Sembra invece che l’unica funzione interessante del detective Hodges sia quella di accendere i riflettori sull’antagonista del primo romanzo della trilogia, Brady Hartsfield, che in questo secondo libro occupa una parte irrilevante ai fini della trama, ma sufficiente per capire come il killer, ormai in stato catatonico, abbia acquisito dei poteri telecinetici. Sarà materiale per il terzo libro della trilogia o per un romanzo a sé stante? Io propendo per quest’ultima ipotesi. Vedremo.

In definitiva non è certo una delle migliori opere di King, anche se come sempre si fa leggere velocemente e volentieri. La struttura è ormai troppo classica e consolidata, oserei addirittura dire, a tratti ripetitiva.
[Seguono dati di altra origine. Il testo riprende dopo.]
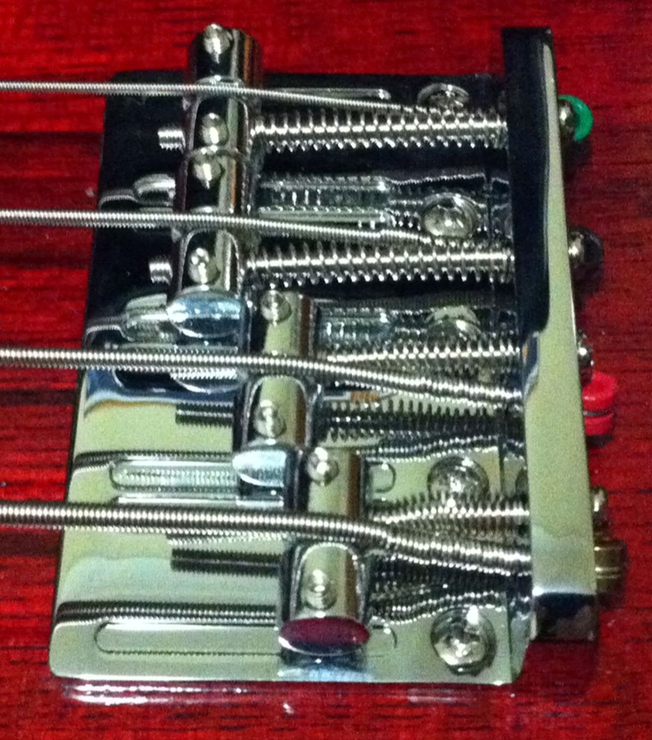As mentioned under general Bridges thread the standard F style Bass Bridge that comes with kits has quite a small footprint which does not provide much room for getting correct intonation. I discovered this by swapping up from a set of light strings to a slightly thicker gauge and ran out of forward bridge saddle movement on the G string and possibly rear movement on the low E too.
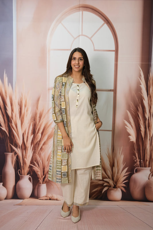 Off White Kurta Pant Set with Olive Green Shrug in Flex Cotton – Printed Elegance
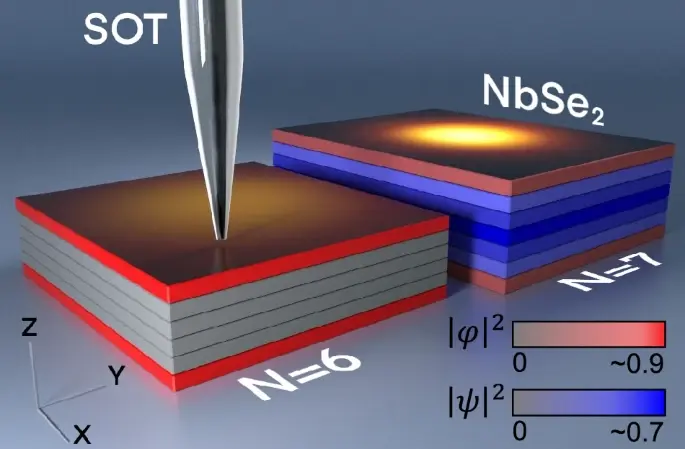 В центре внимания оказался диселенид ниобия, или просто NbSe₂. Это не просто какой-то скучный кристалл, а слоистый материал. Представьте себе стопку невероятно тонких листов, каждый толщиной всего в три атома. Ученые давно полюбили такие материалы за то, что их можно аккуратно «расслаивать», получая пленки с точно заданной толщиной — вплоть до одного-единственного слоя! И NbSe₂ - известный сверхпроводник.
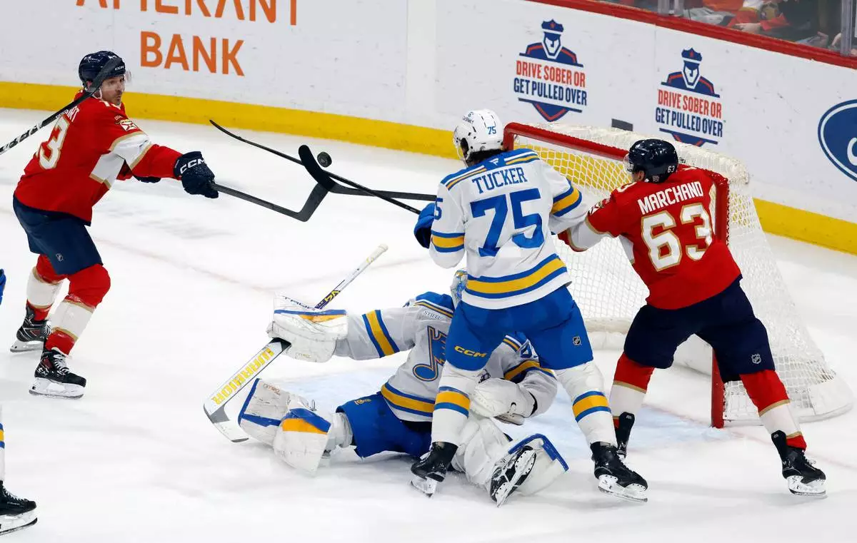 SUNRISE, Fla (AP) — The St. Louis Blues got a pair of goals from Jake Neighbours and Robert Thomas in a 6-2 win over the Florida Panthers on Saturday night.
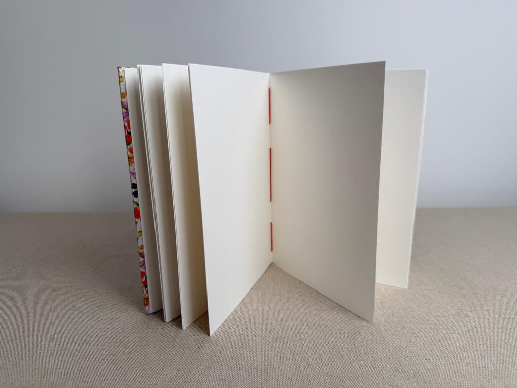 Reliure artisanale cousue avec du fil en lin utilisé traditionnellement pour la reliure, très résistant. Chaque carnet est un exemplaire unique.
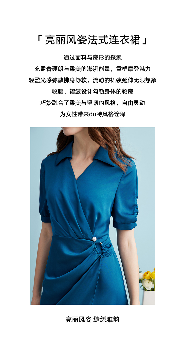 EITIE爱特爱夏季新款通勤OL压褶收腰显瘦气质连衣裙B2407320
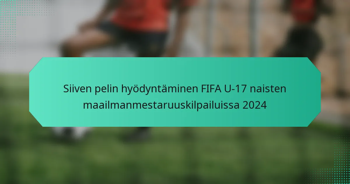 Siipipelin hyödyntäminen FIFA U-17 naisten maailmanmestaruuskilpailuissa 2024 voi olla ratkaiseva tekijä joukkueille, jotka pyrkivät maksimoimaan maalintekonsa. Strategisesti laitoja hyödyntämällä joukkueet voivat venyttää puolustusta ja toimittaa tarkkoja keskityksiä, mikä mahdollistaa tilan hyödyntämisen laidoilla ja lisää maalintekopaikkoja. Tämä taktinen lähestymistapa ei ainoastaan paranna hyökkäyskykyjä, vaan vaatii myös huolellista suunnittelua puolustuksen tukevan rakenteen ylläpitämiseksi.
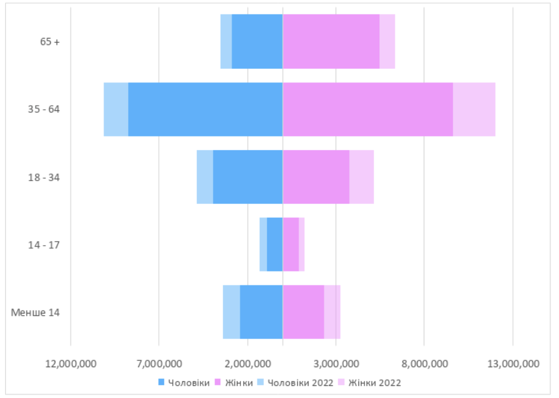 Депопуляція в Україні продовжується з 90-х років. Вже давно не 52 млн мешкають в Україні. І навіть не 41 млн — як свідчать дані, які часто використовують наші міжнародні партнери. За оцінками Advanter Group на контрольованій території України зараз мешкають 31 млн українців. Вікова структура населення також погіршується.

“Everest” di Baltasar Kormákur

Questa recensione non è una vera e propria recensione, e sarà un po’ diversa rispetto al solito.
Sono morti più di 200 alpinisti sull’Everest, nella maggior parte dei casi, come spiegato nel film, durante la discesa, il momento più pericoloso. Non conoscevo la tragedia del 1996 se non per l’associazione con il contestato libro Aria sottile di Krakauer (di cui ho letto unicamente Nelle terre estreme), quindi ho visto Everest con la mente praticamente vergine. Mi è piaciuto molto.
Mi è piaciuto perchè una volta tanto gli attori sono al servizio della storia, in un film che è quasi documentaristico. Non c’è “azione” per come la si intende normalmente. I gesti eroici ci sono, così come ci sono stati nella realtà, ma restano limitati dalla realtà stessa, l’uomo può ben poco di fronte alla montagna più alta del mondo e alla natura selvaggia.
Tutto incute rispetto, a 360°. Il rispetto verso il Monte, ma anche quello verso la Natura appunto. Rispetto sicuramente verso chi rischia tutto per arrivare alla cima e per provare a tornare indietro. Si può FORSE non comprendere o non condividere, ma non si può non rispettare la scelta di questi uomini.
Credo che uno dei pregi maggiori del film sia proprio l’essere riuscito a comunicare che chi cerca questa “impresa” lo fa con grande prudenza, e non con senso di onnipotenza. Salire in cima all’Everest non è divertente, è sofferenza pura. Guadagnata la cima non ci si sente supereroi, ma si è consci della piccolezza umana. L’Everest ti spezza, non solo fisicamente, ma anche mentalmente, ammaliandoti con la possibilità di fermarti per un mortale riposo.
Ma questo non lo dice solamente Kormákur, lo dicono i morti, i sopravvissuti, lo si evince dalle storie e dalla storia: l’Everest è una grandissima lezione di umiltà.
Le persone che muoiono sulla montagna rimangono lì, a monito per i futuri visitatori ed ospiti di un ambiente che non può essere colonizzato. Non c’è la forza né la possibilità di recuperare i cadaveri, credo che questo sia sufficiente per avere un’idea di quelli che sono i nostri limiti, dovremmo tenerlo sempre a mente. Everest ce lo ricorda.